Il maligno si annida nelle famiglie, qui quella di un ricchissimo costruttore (chiaro il riferimento alla famiglia Trump), che attua il suo potere economico e religioso sull’architetto. Solo apparentemente lo lascia libero di dare sfogo alla sua arte, in realtà Làzsló deve sottostare ai capricci del capo e realizzare un palazzo in cui sia imperante il simbolo cattolico per eccellenza: la croce, lui che è di religione ebraica. Scendere a compromessi. Quanto può essere puramente personale un’opera d’arte e quanto quest’ultima è influenzata, limitata e governata dal Capitalismo? Arte Vs Capitalismo. Non si è più artisti ma si fa gli artisti. L’idea di creare spinti da un moto interiore, o citando Antonin Artaud per fuggire dall’inferno (esattamente come sembrerebbe fare il protagonista del film), con l’entrata del capitalismo nell’arte non può più esistere. L’alienazione tipica della classe lavoratrice è riscontrabile anche negli artisti e il motivo lo spiega bene Karl Marx in “Teorie sul plusvalore”. Marx disse che il capitalismo avendo infettato ogni aspetto della vita, fa si che l’artista dovrà sottostare a regole economiche che attutiscono il suo primordiale istinto creativo. Il capitalismo essendosi allargato ad ogni aspetto della vita, sia essa sociale o economica, ripropone gli stessi meccanismi dell’operaio in fabbrica, per guadagnare dovrà produrre sottostando a ritmi di produzione sfrenati e alle richieste di chi finanzia. Questo fa decadere il vero concetto di artista, cioè colui che realizza creazioni originali scaturite da un impulso spontaneo e personale. La voglia di possedere e sottomettere passa anche attraverso il sesso. Nel film serpeggia una palpabile tensione omoerotica. La scena della sodomizzazzione tra il miliardario e Toth è l’estremizzazione del concetto di dominazione. Il protagonista ebreo e povero viene totalmente sottomesso al potere economico e sessuale del suo padrone. L’essere umano alla stregua di una merce da possedere, in ogni senso.

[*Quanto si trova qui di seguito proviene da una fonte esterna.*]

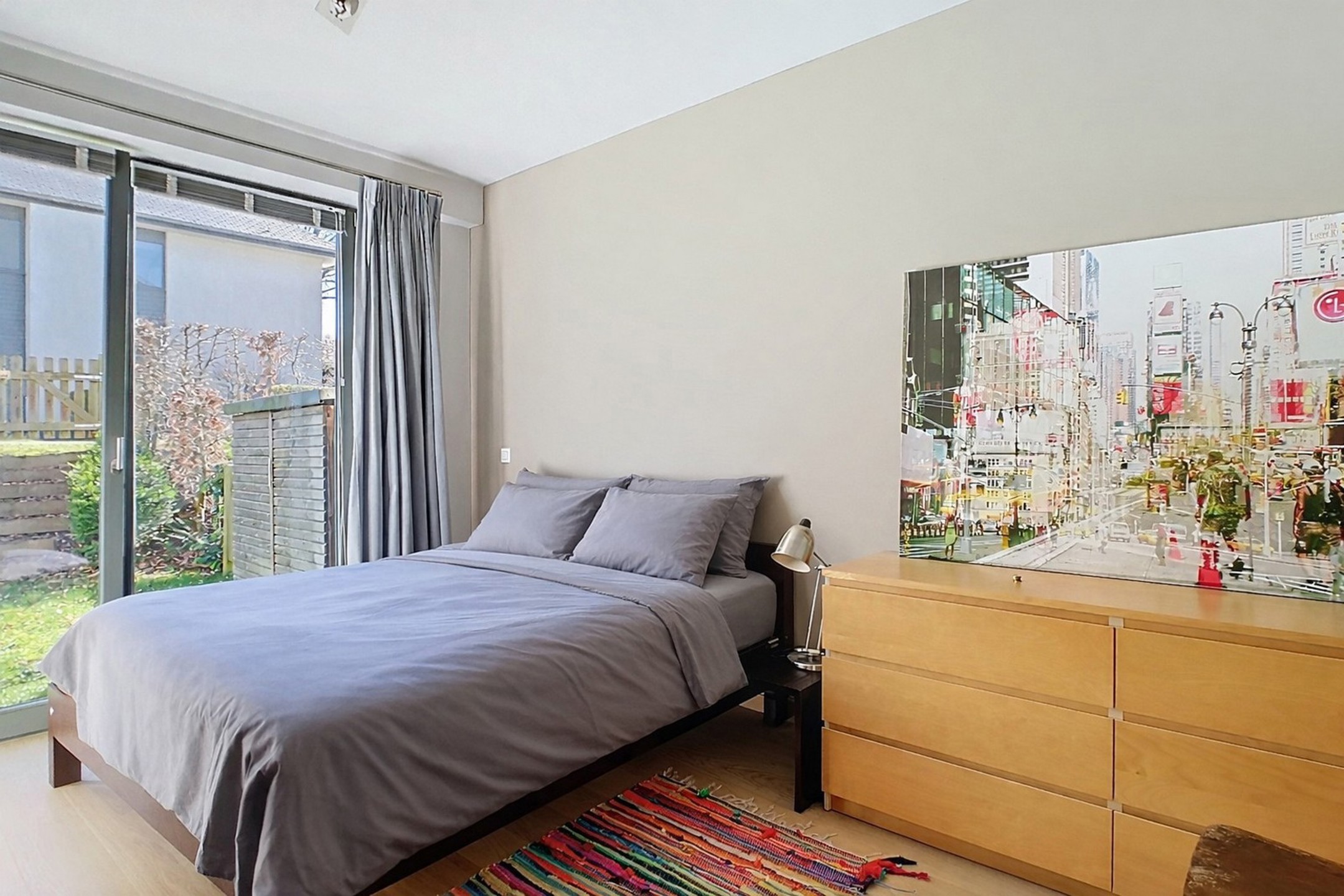 Chambre 1 de 13,5 m² avec accès au jardin.
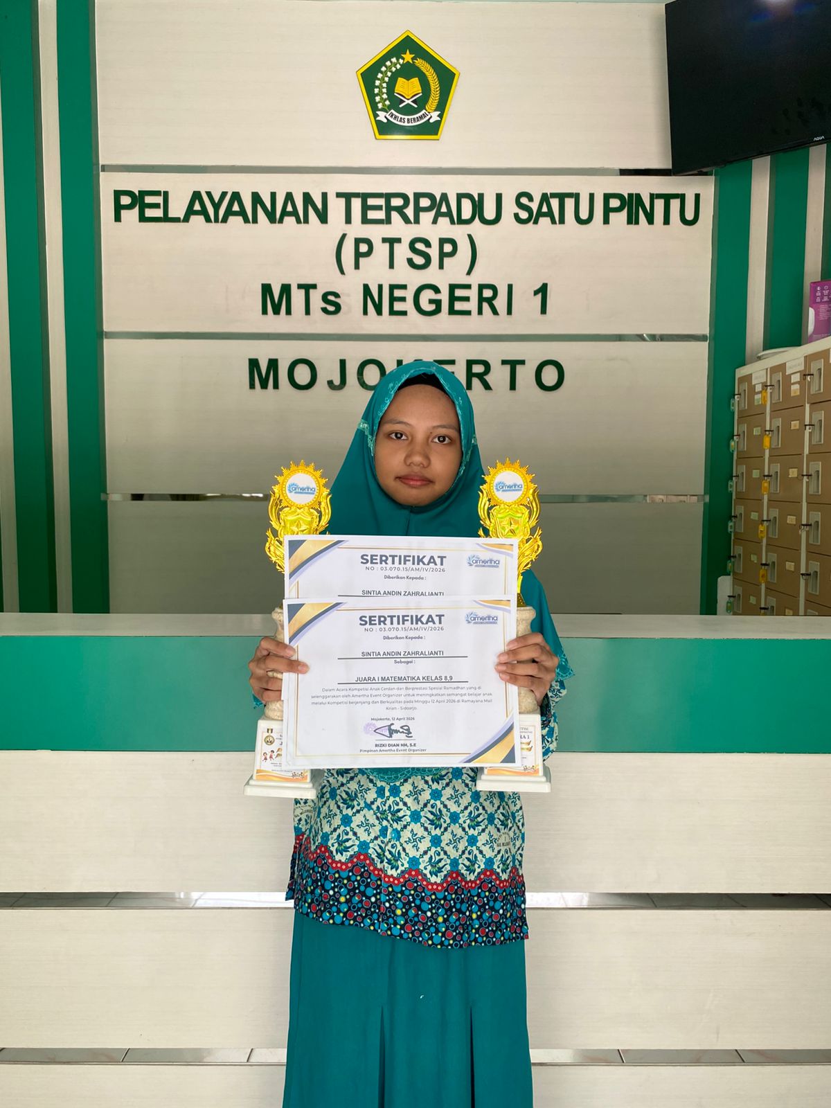 Kab. Mojokerto (MTsN 1) – Sabtu, (18/4/2026) MTsN 1 Mojokerto kembali mengukuhkan eksistensinya sebagai madrasah pencetak generasi unggul. Prestasi membanggakan kali ini datang dari Sintia Andin Zahralianti, siswa berbakat yang berhasil menyabet gelar Juara 1 Tingkat Nasional dalam ajang kompetisi Matematika & Sains untuk kategori kelas 8 dan 9.
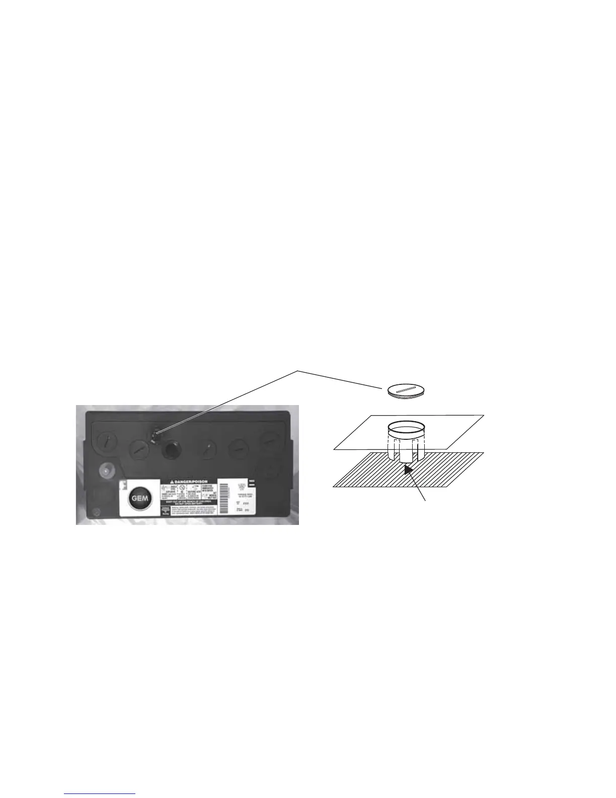 distilled water as needed. Do not overfill. Reinstall the fill well cap securely.
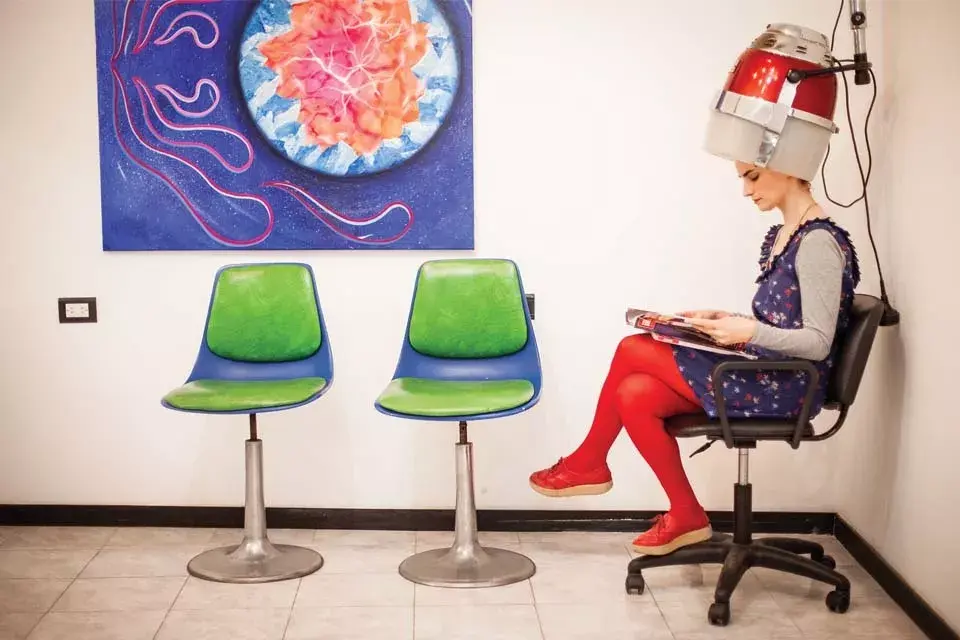Es un departamento en un último piso amplio y lleno de luz, con paredes pintadas de rosa, verde y amarillo. Apenas entrás, está la recepción, con una mesa que actúa de biblioteca en la que no hay revistas, solo libros de fotos, de ilustraciones y crucigramas. El sector de piletas se instaló en el pasillo, y al fondo, tres sillas enfrentadas a grandes espejos para atender a las clientas. El highlight del salón: dos terracitas con una vista urbana espectacular.
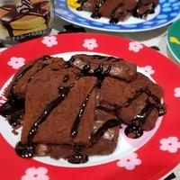 - 6 冷蔵庫から取り出し、食べやすい大きさに切って器に盛り、チョコレートソースをかけて完成です。
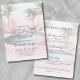 Dive into a retro summer pool party with this playful and vibrant invitation, perfect for a Palm Springs getaway or a fun girls' weekend in destinations like New Mexico or Tucson. The front features an aqua blue pool at the centre, surrounded by a pink pool deck and wall, with bright yellow lounge chairs and lush green palm trees in the background. This design exudes a cute, retro vibe that sets the tone for a stylish summer bachelorette party or weekend escape.

Brady Corbet è americano e quale cinema è più schiavo del capitale se non quello delle majors americane? E quindi il regista si trasforma nell’anarchico del cinema d’Oltralpe. Scrive e gira un film con pochi soldi, dalla durata spropositata, con un intervallo di 15 minuti, con musica assordante, privo di concessioni al commerciale, profondamente antiamericano, che descrive il fascismo culturale dell’America, non prodotto da uno Studios e che alterna una prima parte classicissima ad una seconda quasi da video arte (la sequenza girata in gondola tra i palazzi veneziani sembra “Atlantide” di Yuri Ancarani), creando così un oggetto alieno che se ne frega delle mode cinematografiche del momento. Corbet è ambizioso come il protagonista del suo film e come lui tende a creare opere monumentali (lo dimostrano anche i due precedenti lungometraggi).
Nonostante il pessimismo di fondo in “The Brutalist” l’arte ha una potenza tutta sua, metafisica e ancestrale e il finale del film lo dimostra chiaramente, forse in maniera un pò troppo didascalica.